* **Exercise directions**
Images should be left out, and everything else in the listing reproduced exactly.

------------------------------------------------

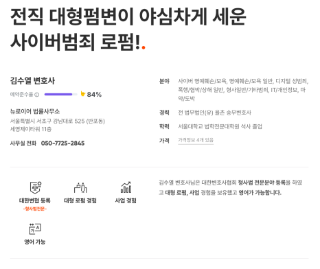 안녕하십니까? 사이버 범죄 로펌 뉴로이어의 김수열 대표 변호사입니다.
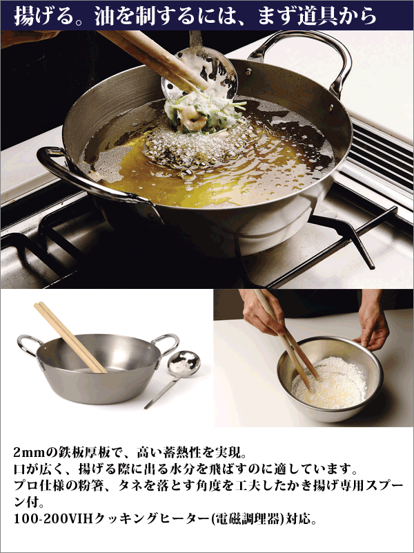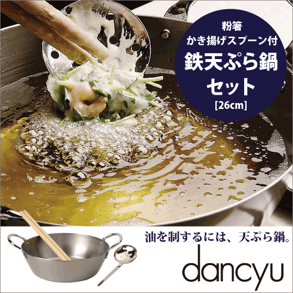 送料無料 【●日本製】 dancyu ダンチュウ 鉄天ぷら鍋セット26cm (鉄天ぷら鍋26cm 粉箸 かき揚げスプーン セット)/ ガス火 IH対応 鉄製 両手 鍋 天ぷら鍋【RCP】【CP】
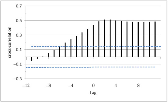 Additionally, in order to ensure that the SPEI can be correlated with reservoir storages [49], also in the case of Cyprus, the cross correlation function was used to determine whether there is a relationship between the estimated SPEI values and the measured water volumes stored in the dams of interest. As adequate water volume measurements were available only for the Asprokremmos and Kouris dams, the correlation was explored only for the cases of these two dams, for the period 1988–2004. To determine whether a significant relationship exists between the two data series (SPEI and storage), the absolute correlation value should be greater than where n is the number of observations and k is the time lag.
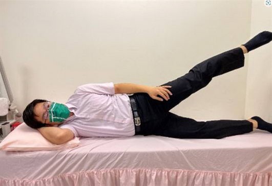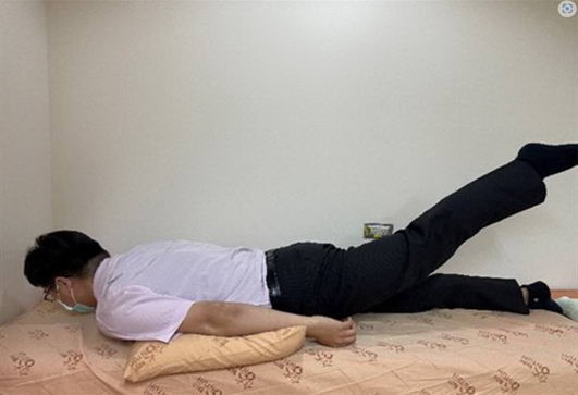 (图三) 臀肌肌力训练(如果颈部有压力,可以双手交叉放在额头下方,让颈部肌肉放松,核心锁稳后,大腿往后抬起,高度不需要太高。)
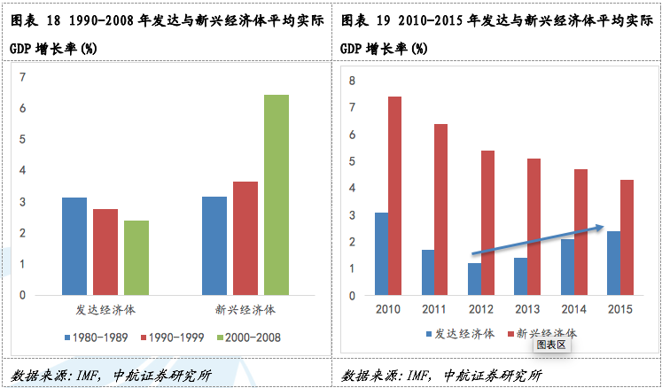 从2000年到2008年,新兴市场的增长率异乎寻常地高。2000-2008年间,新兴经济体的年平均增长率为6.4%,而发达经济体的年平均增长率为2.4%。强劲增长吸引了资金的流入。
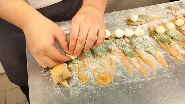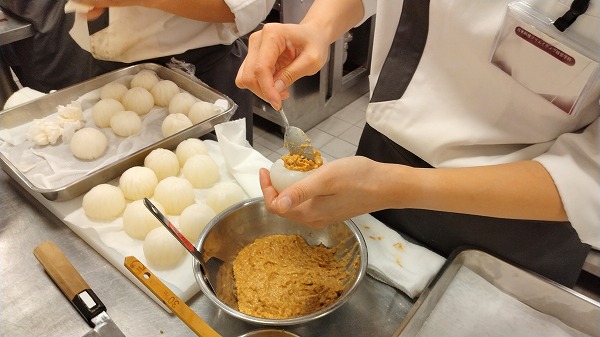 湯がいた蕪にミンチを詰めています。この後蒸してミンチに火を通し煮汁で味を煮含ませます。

------------------------------------------------

* **Response area**
 안녕하십니까? 사이버 범죄 로펌 뉴로이어의 김수열 대표 변호사입니다.
 送料無料 【●日本製】 dancyu ダンチュウ 鉄天ぷら鍋セット26cm (鉄天ぷら鍋26cm 粉箸 かき揚げスプーン セット)/ ガス火 IH対応 鉄製 両手 鍋 天ぷら鍋【RCP】【CP】
 Additionally, in order to ensure that the SPEI can be correlated with reservoir storages [49], also in the case of Cyprus, the cross correlation function was used to determine whether there is a relationship between the estimated SPEI values and the measured water volumes stored in the dams of interest. As adequate water volume measurements were available only for the Asprokremmos and Kouris dams, the correlation was explored only for the cases of these two dams, for the period 1988–2004. To determine whether a significant relationship exists between the two data series (SPEI and storage), the absolute correlation value should be greater than where n is the number of observations and k is the time lag.
 (图三) 臀肌肌力训练(如果颈部有压力,可以双手交叉放在额头下方,让颈部肌肉放松,核心锁稳后,大腿往后抬起,高度不需要太高。)
 从2000年到2008年,新兴市场的增长率异乎寻常地高。2000-2008年间,新兴经济体的年平均增长率为6.4%,而发达经济体的年平均增长率为2.4%。强劲增长吸引了资金的流入。
 湯がいた蕪にミンチを詰めています。この後蒸してミンチに火を通し煮汁で味を煮含ませます。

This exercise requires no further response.